L'entreprise eut bientôt pignon sur rue à Tizi Ouzou, puis à Réghaïa. Elle eut aussi des filiales à Oran et Constantine et même dans une ville du Sud : Laghouat. La société connut un essor fulgurant. Le matelas, le drap, le rideau, l'oreiller, frappés du label « IZEM », sigle de la société, firent le tour du pays.

L'opulence, rejaillissait sur chaque membre de la famille décuplant l'assurance des uns et des autres. Les commandes affluaient de partout y compris les organismes publics car Boussad veillait à la qualité du produit et faisait en sorte que la parentèle soit encore plus scrupuleuse que lui sur ce point.

L'aventure héroïque dura dix longues années. Puis survint l'événement.

On ne sait pas, avec précision, comment cela a pu se produire. Tout ce qui a été établi, sur la base des dires de l'intéressé rapportés par son frère Boussad, évoque une nuit terrible, sans lune, qui avait placé Paris au cœur d'une tempête sans précédent. Cathédrales et monuments publics bougèrent sur leurs socles frappés par le tonnerre, hypnotisés par les éclairs, harcelés par une pluie trépidante.

Pour la première fois de sa vie Zi Smaïl prit peur. Il redevint fœtus sous ses couvertures. Il prononça la profession de foi. Puis il entendit une voix qui lui intima l'ordre de rentrer chez lui et de se remettre sur le droit chemin, le chemin d'Allah.

Voilà donc le barman de Barbès qui débarque au pays sans s'annoncer. A la stupeur générale, il se rend d'abord à la mosquée où il prend tout son temps. Il se rend ensuite à la maison paternelle où il annonce à son frère avoir vendu son bar.

"Je compte consacrer à Dieu le restant de ma vie, lui dit-il. J'espère qu'Allah pardonnera mes erreurs de jeunesse."

Boussad, pris de panique, ne put prononcer aucun mot. Le sang afflua violemment à son cou, qu'il avait court mais épais. Il échappa à l'apoplexie en tournant les talons dans un mouvement de fuite.

Des jours et des jours, des nuits et des nuits, Boussad essaya de raisonner son frère.

-"akhzou ech chitane a gma !!! dhi la3nayak a gma !... "
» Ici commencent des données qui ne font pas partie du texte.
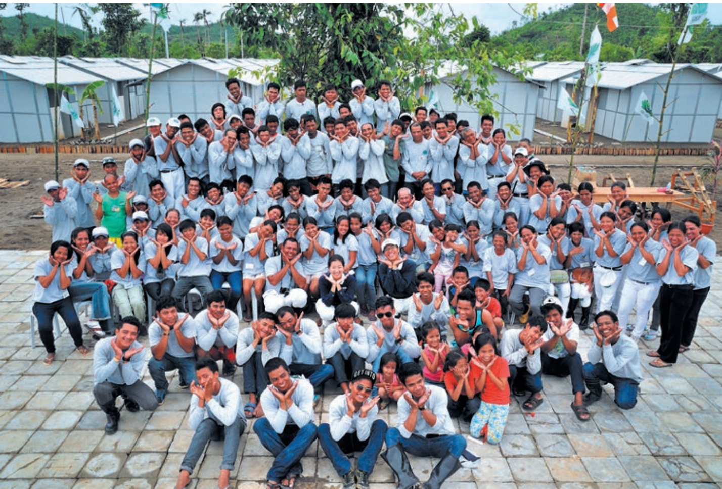
Participants of the cash-for-work program pose for a group picture after the completion of the project.

Now that they all have safe homes, village residents have a solid footing on which to build a better life.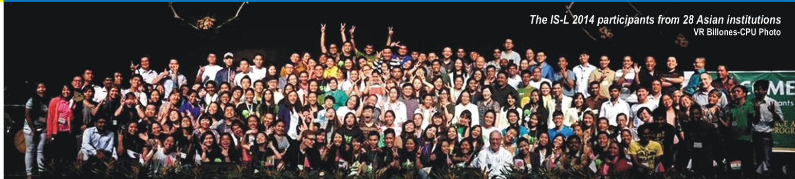
The IS-L 2014 participants from 28 Asian institutions

My students and I will always remember our learning experiences in the Philippines, she said.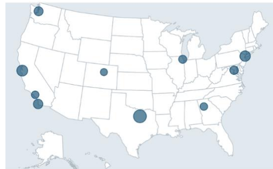
Figure 1: Top 10 locations where 5G-related jobs and professionals with 5G skills are located; bubble size indicates the number of professionals in high to very high hiring demand locations.

Top Locations. The top locations for professionals with 5G skills are Dallas-Fort Worth metropolitan area, San Francisco Bay area, New York City, San Diego, Greater Seattle area, Washington DC-Baltimore area, Greater Chicago area, Atlanta metropolitan area, Los Angeles metropolitan area, and Denver metropolitan area.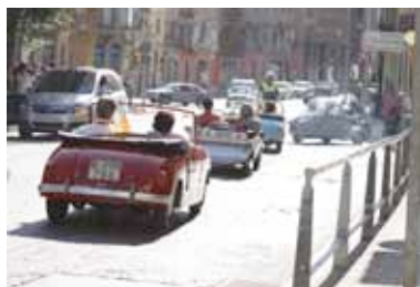
In the streets of Manresa.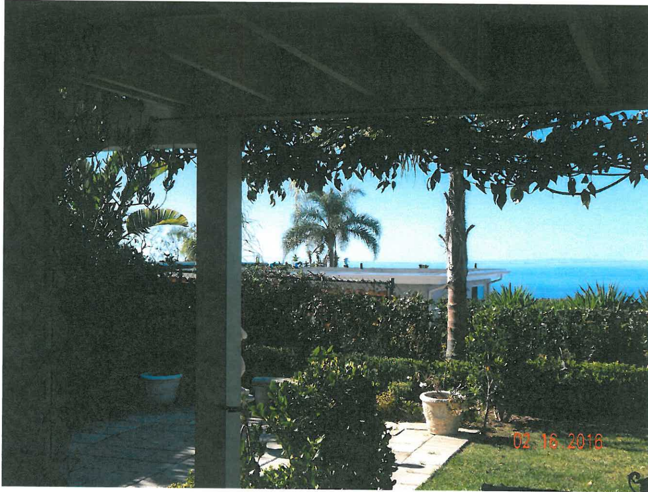
2965 Mountain View Dr.

The photograph above was taken from the property owners' Dining room/Great room on the main floor of the primary residential structure.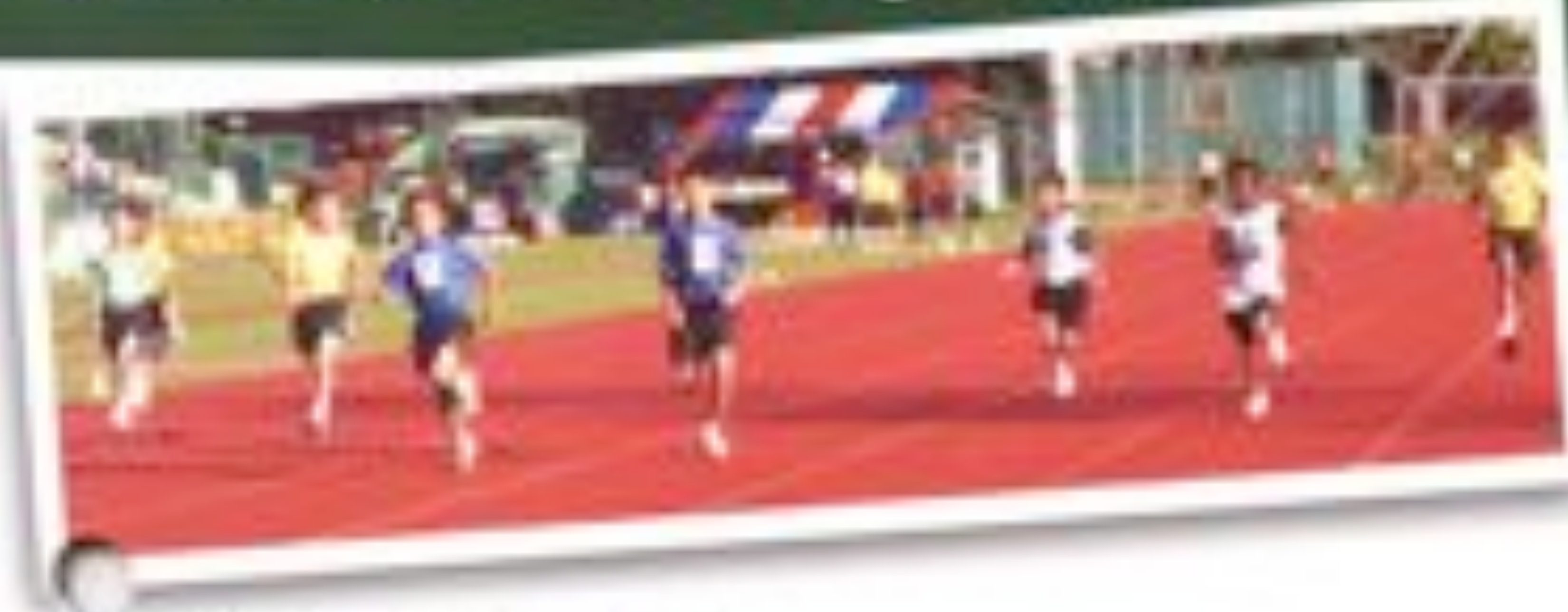
"I'm going to be Champion!"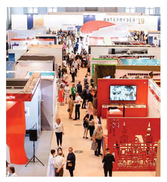
The InterMuseum Festival in Moscow.

curator, Museum of Rotterdam), and myself (CAMOC / Museum of Lisbon).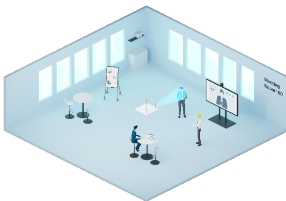
TeamConnect Ceiling 2 focuses on the active speaker

With its 28 condenser capsules that are intelligently linked via DSP matrixing, TeamConnect Ceiling 2 covers the entire room; the signal processing takes place within the microphone housing itself. Dependent on the signal level, the ceiling microphone recognises precisely where the speaker is located in the room and “focuses” on the corresponding area in the form of a beam. Other areas are attenuated accordingly.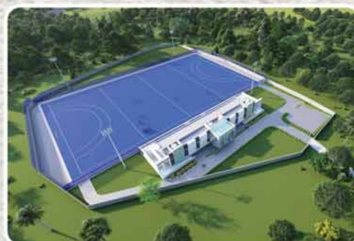
Hockey Training Centre Deogarh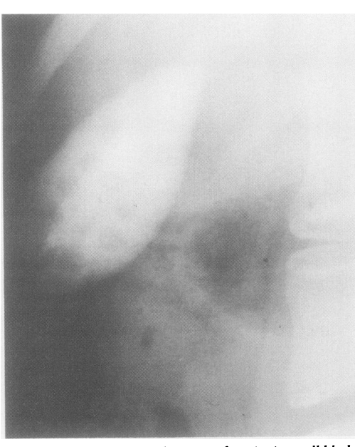
Fig 1 Cholecystogram showing a functioning gall bladder containing small radiolucent stones (case 1).

Cystic fibrosis was diagnosis in this patient at the age of 9-months. He remained relatively well until the age of 22 years, when he developed a respiratory infection due to Pseudomonas aeruginosa, which was treated with intravenous antibiotics. He was taking 20 Pancrex tablets before meals ato that time to control steatorrhoea. Subsequently he reported episodes of severe right upper quadrant abdominal pain radiating to his back. An abdominal Ultrasound examina-∋ tion showed multiple gall stones. Oral cholecystography showed that the stones were radiolucent and that the gallo bladder functioned normally. As his FEV, was only 0.6 lo (15% predicted) and VC 1 81 (38% predicted) ursodeoxycholic acid 150 mg thrice daily was started. His weight was 52.3 kg and his height 1.70 m. The attacks of pain diminished in duration and frequency over the next few months and one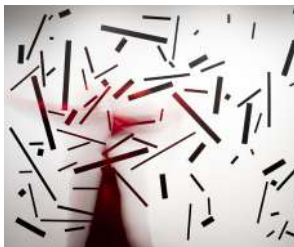
21 "Embodiment in the Space Between Us No. 25, Red" from the "Embodiment" series Archival print, 1/10 framed without glass 36h x 48w 2020 $3200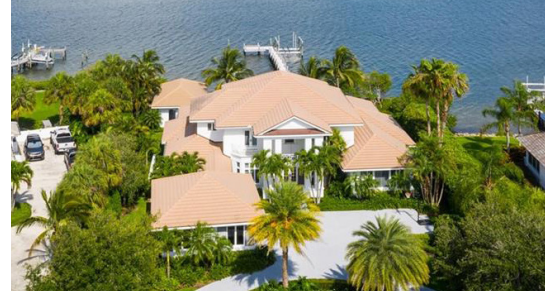
SOLD IN SEAGROVE WEST 275 RIVERWAY DR. | LIST $8,900,000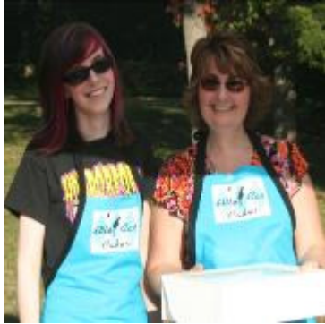
Alley Cat Cakes

Annual Halloween Carnival: The Activities Committee also sponsored the annual Halloween Carnival on October 26th. The weather was beautiful and we had a terrific turnout! There were lots of games and activities, as well as the annual costume contest.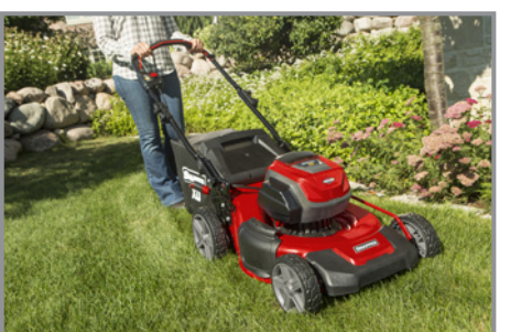
Efficient brushless motors with intelligent load sensing technology provide optimum power levels.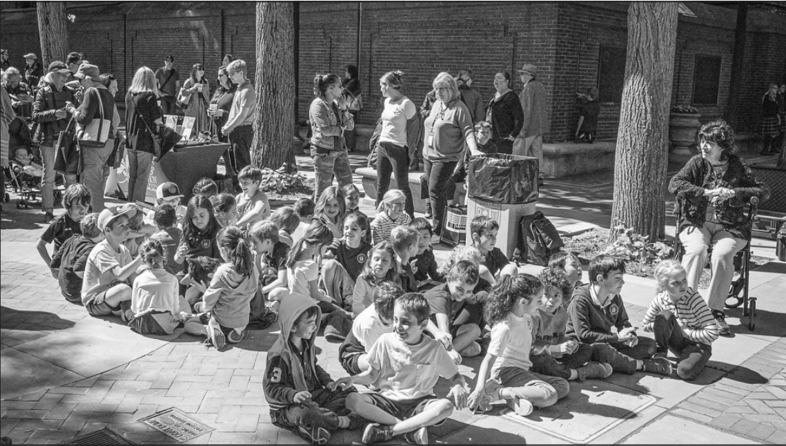
Children enjoy the re-opening of the park.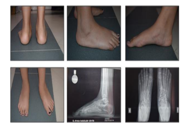
Fig. 4: Post operative photos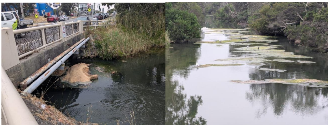
Above -Algae in the creek in Seaford Village at Station Street bridge.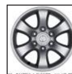
Sport Edition standard 6-spoke 17" aluminum alloy wheel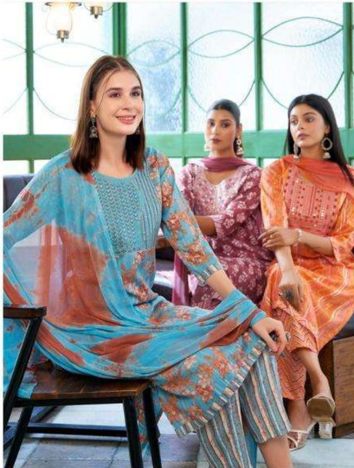
Embroidered Kurti, Designer Kurtis, Printed Kurti, Cotton Kurtas, Lenin Kurtis, Georgette Kurti, Long Kurtis, Short Kurtis, Traditional Kurti, Ethnic Kurtis and Fashion Kurtis are the variants of Indian Kurtis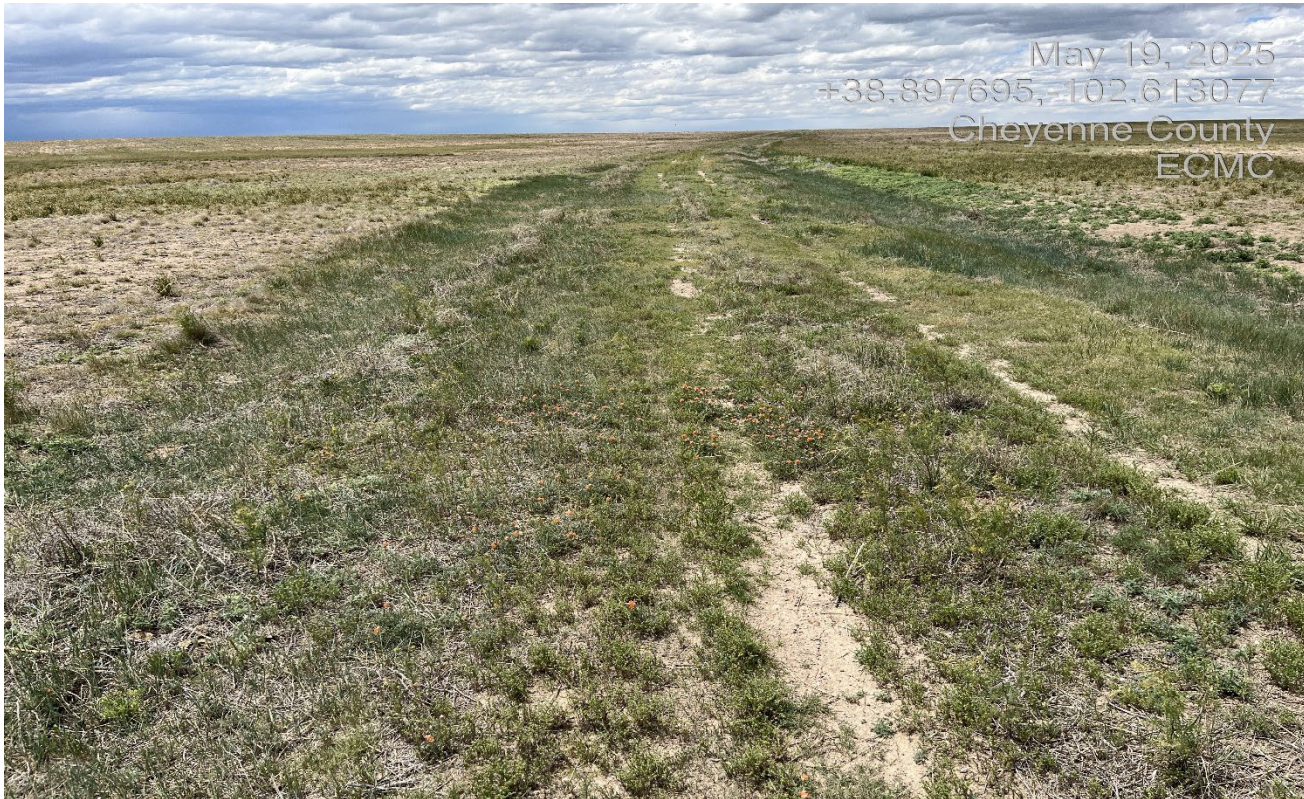
Photo 2. Facing northwest along the access road which remains elevated and crowned. The road must be regraded and contoured.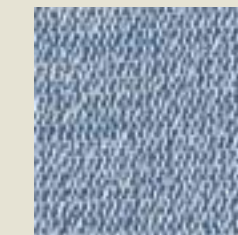
771-39 FJORD WATERFALL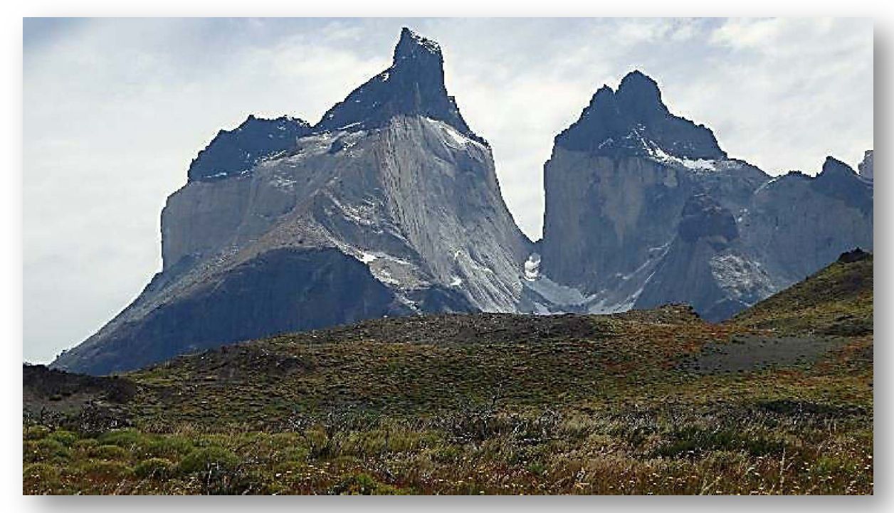
Serrano Glacier, Bernardo O'Higgins National Park.

Horns of Torres del Paine Parque Nacional.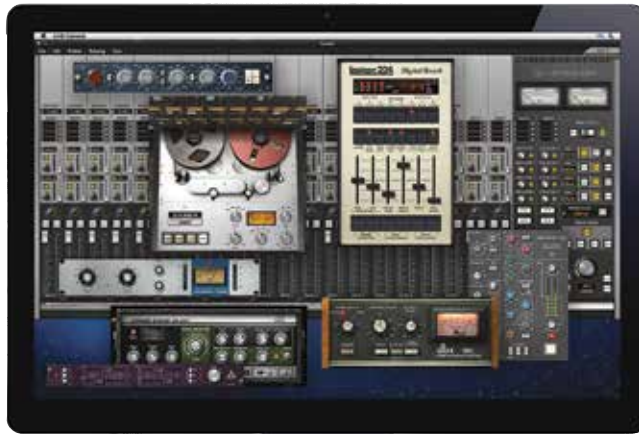
MONITOR SOLD SEPARATELY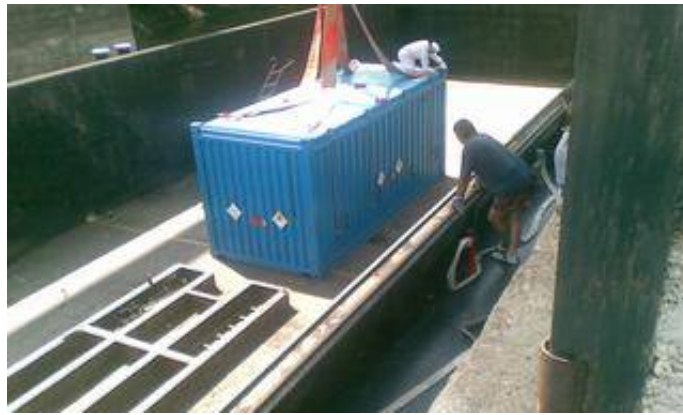
Fig. 4. Loading the ISO containers with the SKODA VPVR/M casks onto the barge of a sea-and-river type

In 2008, the Czech SKODA VPVR/M casks were used to remove the RR SNF from the Institute of Nuclear Research of the Hungarian Academy of Sciences. It was the first time a sea shipment was carried out within the framework of the RRRFR program. In some projects, a sea shipment of SNF is the only possible way due to transit-associated complications.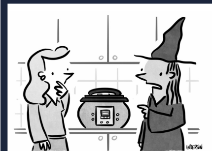
"It's one of those new Instant Cauldrons. You put a kid in here with some eye of newt and an hour later it's the best thing you've ever eaten."

Get your FREE "Cyber Security Tip of the Week" at: www.PcPlusNetworks.com/cyber-security-tip-of-the-week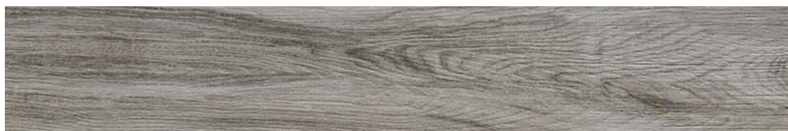
WNB00237 nuage natural 8"x48" rectified in stock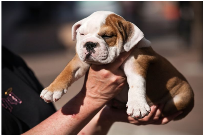
Figure 1: Puppy Face Dog (Eschner, 2018)

Within the last few hundred years, people have been breeding dogs for specific traits and qualities (Nesathurai, 2019). Dog breeds, including pugs, golden retrievers, and border collies, have developed from this breeding. Even though some of the origins date back further in history, many of these breeds have had many selective pressures on specific traits for show or just simple appeal (Eschner, 2018). This inbreeding has been the cause of many health issues: such as trouble breathing, hip and back problems (Nesathurai, 2019).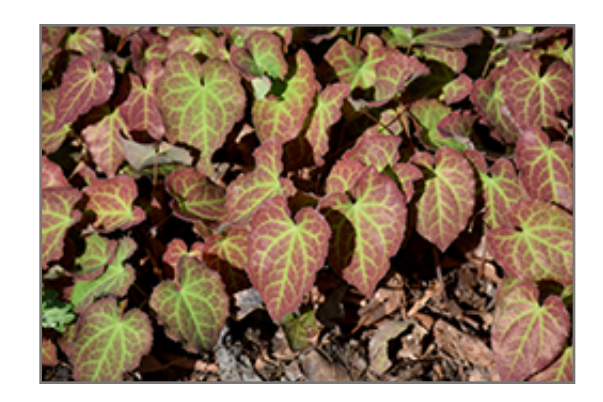
Froehnleiten Bishop's Hat foliage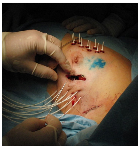
Figure 4 Perioperative open-cavity multi-catheter interstitial implantation. University Hospital in Hradec Kralove, Czech Republic.

It is also possible to use the implant for the interstitial cavity boost, with consequent WBI.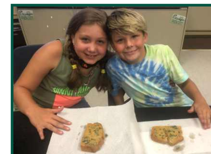
It Takes Two, Junior Eagle & Eagles, Aug. 2-6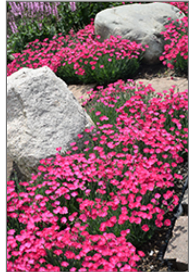
Paint The Town Magenta Pinks in bloom

This is a relatively low maintenance plant, and is best cleaned up in early spring before it resumes active growth for the season. It is a good choice for attracting bees and butterflies to your yard, but is not particularly attractive to deer who tend to leave it alone in favor of tastier treats. It has no significant negative characteristics.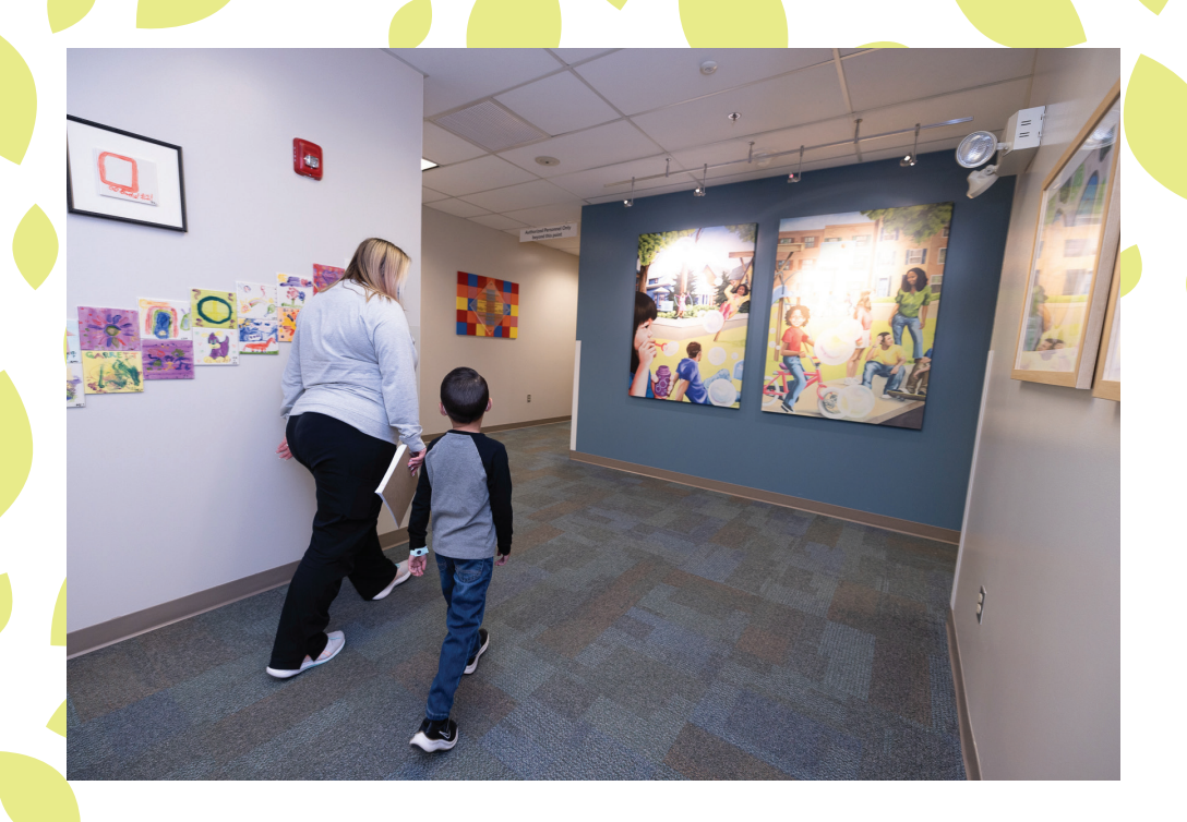
The social worker will take you to a room to talk by yourself.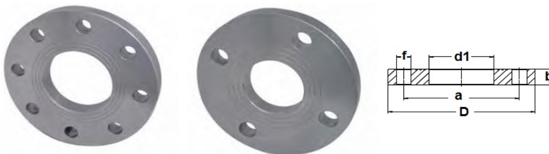
FLANGE PIANE UNI EN 1092-1 PN 25 - 40 EX UNI 6083 - 6084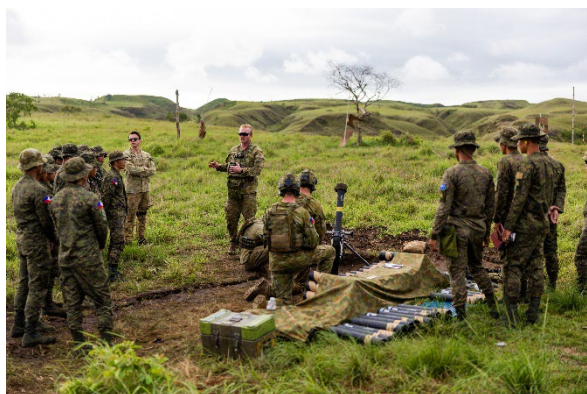
Australian and Philippine Army soldiers during the training activity.

The training team also included a Liaison Officer to help the two armies communicate. Overall, conducting activities like this increases interoperability and builds stronger relationships between Australia and the Philippines.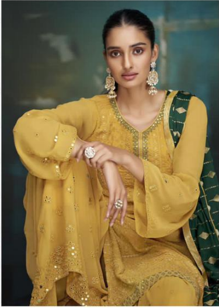
113 | Mustard color dress and contrast green scarf, embroidery work from above enhances her adornment.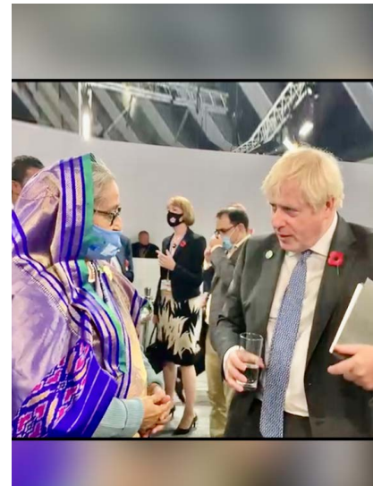
▶ Hon'ble Prime Minister Her Excellency Sheikh Hasina with the Commonwealth Chair-in-Office British Prime Minister at the Commonwealth Leaders Royal Reception in Glasgow

Rien à faire. Pour Zi Smaïl seule comptait, désormais, la Sainte Face de Dieu. L'une après l'autre, les maisons IZEM tombèrent. Les épaules des cousins, qui se retrouvaient au chômage, s'affaissèrent. Le rêve prenait fin brutalement.

Zi Smaïl, pour sa part, se mit dans la tête de recruter pour Dieu. Barbe teinte au henné, qamis blanc comme neige, babouches fines, 3arraqiya élégante, il passait son temps, entre deux awqâts à rendre visite aux familles les plus pauvres et aux malades qui appréciaient sa générosité.

Un jour, alors qu'il sortait d'une de ces visites, il avisa un jeune homme de bon aloi, dont il avait remarqué qu'il ne se rendait jamais, mais alors jamais, à la mosquée. Il lui posa la question de savoir pourquoi.

- Our s3igh ara l'waqth, a Zzi Smaïl !!,(je n'ai pas le temps) avait répondu le jeune homme.

-Ecoute moi, mon fils.Si je t'offrais un mouton, tu irais ?

-Je ne dis pas non, Zi Smaïl....

Et il en fut ainsi.

Zi Smaïl nageait dans le bonheur. Il avait remis sur la voie d'Allah une personne charmante mais en perdition.

Ce bonheur, hélas, ne dura pas longtemps.

-"Cela fait un bout de temps, mon fils, que je ne te vois plus à la mosquée. Aurais-tu été malade ??"

-" Pas du tout Zi Smaïl....Il se trouve seulement que le mouton que tu m'as offert est fini."